Top of Given records

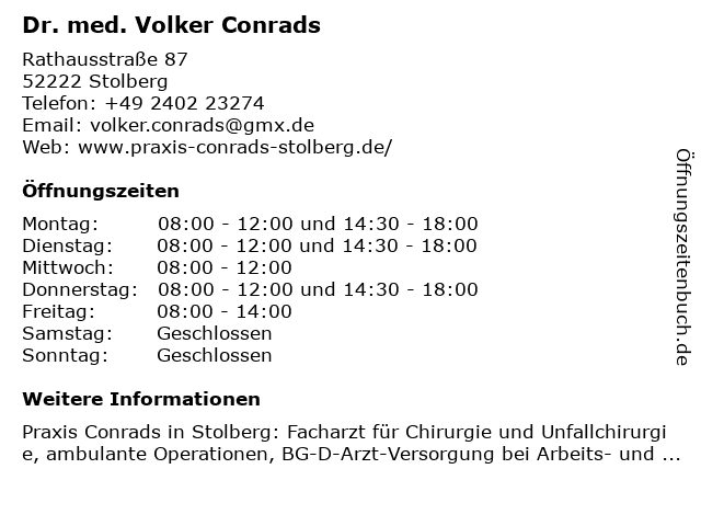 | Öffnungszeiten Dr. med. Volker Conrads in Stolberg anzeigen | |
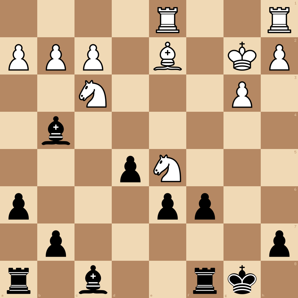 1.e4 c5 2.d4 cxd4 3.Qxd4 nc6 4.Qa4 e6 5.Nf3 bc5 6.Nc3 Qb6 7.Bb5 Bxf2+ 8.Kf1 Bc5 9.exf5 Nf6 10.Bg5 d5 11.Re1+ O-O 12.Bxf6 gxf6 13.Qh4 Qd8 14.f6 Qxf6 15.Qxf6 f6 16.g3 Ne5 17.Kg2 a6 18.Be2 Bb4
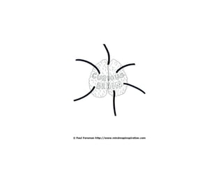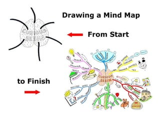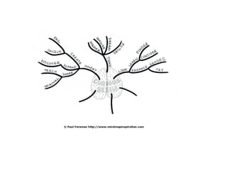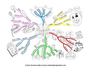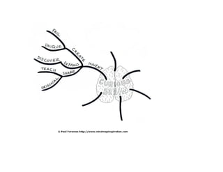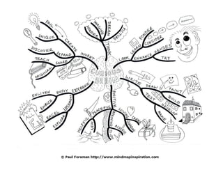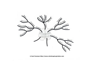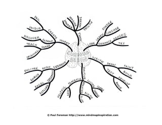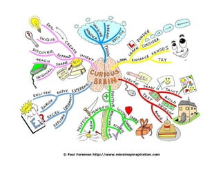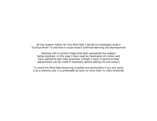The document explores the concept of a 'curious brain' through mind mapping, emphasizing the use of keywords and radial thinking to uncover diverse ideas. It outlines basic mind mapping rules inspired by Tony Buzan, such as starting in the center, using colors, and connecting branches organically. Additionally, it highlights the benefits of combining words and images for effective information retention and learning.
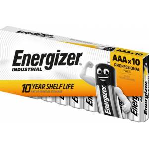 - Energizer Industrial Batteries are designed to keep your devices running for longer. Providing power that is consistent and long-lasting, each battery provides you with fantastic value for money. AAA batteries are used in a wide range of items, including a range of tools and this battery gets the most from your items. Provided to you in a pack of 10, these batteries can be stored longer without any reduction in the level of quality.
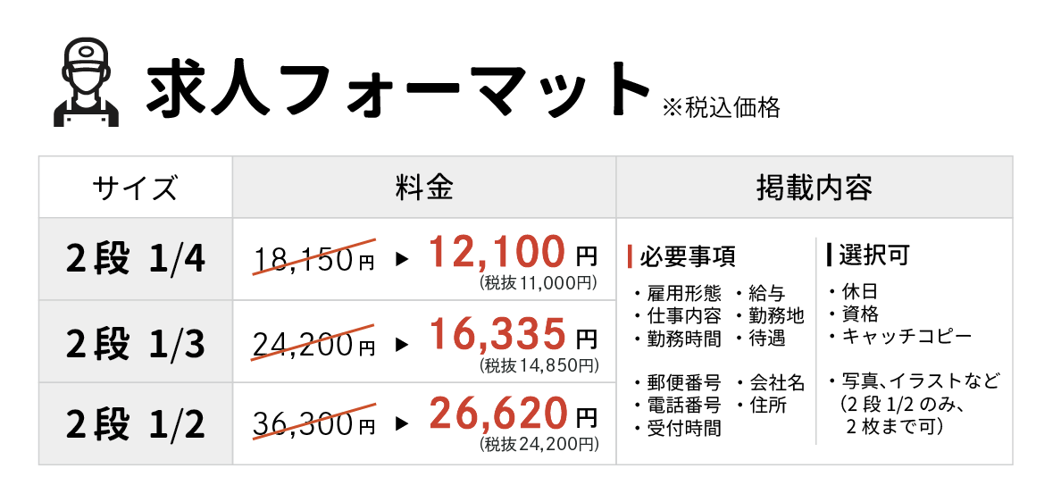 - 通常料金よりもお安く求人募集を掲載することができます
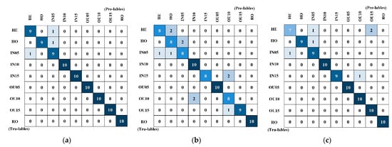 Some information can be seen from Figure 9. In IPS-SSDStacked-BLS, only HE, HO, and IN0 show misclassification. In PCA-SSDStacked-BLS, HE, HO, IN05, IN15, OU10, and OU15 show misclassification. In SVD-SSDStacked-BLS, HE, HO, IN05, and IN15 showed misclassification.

Bottom of Given records

• **Task item**
Your answer must be an exact repeat of all the records, minus the pictures.

• **Exercise answer**
 | Öffnungszeiten Dr. med. Volker Conrads in Stolberg anzeigen | |
 1.e4 c5 2.d4 cxd4 3.Qxd4 nc6 4.Qa4 e6 5.Nf3 bc5 6.Nc3 Qb6 7.Bb5 Bxf2+ 8.Kf1 Bc5 9.exf5 Nf6 10.Bg5 d5 11.Re1+ O-O 12.Bxf6 gxf6 13.Qh4 Qd8 14.f6 Qxf6 15.Qxf6 f6 16.g3 Ne5 17.Kg2 a6 18.Be2 Bb4
The document explores the concept of a 'curious brain' through mind mapping, emphasizing the use of keywords and radial thinking to uncover diverse ideas. It outlines basic mind mapping rules inspired by Tony Buzan, such as starting in the center, using colors, and connecting branches organically. Additionally, it highlights the benefits of combining words and images for effective information retention and learning.
 - Energizer Industrial Batteries are designed to keep your devices running for longer. Providing power that is consistent and long-lasting, each battery provides you with fantastic value for money. AAA batteries are used in a wide range of items, including a range of tools and this battery gets the most from your items. Provided to you in a pack of 10, these batteries can be stored longer without any reduction in the level of quality.
 - 通常料金よりもお安く求人募集を掲載することができます
 Some information can be seen from Figure 9. In IPS-SSDStacked-BLS, only HE, HO, and IN0 show misclassification. In PCA-SSDStacked-BLS, HE, HO, IN05, IN15, OU10, and OU15 show misclassification. In SVD-SSDStacked-BLS, HE, HO, IN05, and IN15 showed misclassification.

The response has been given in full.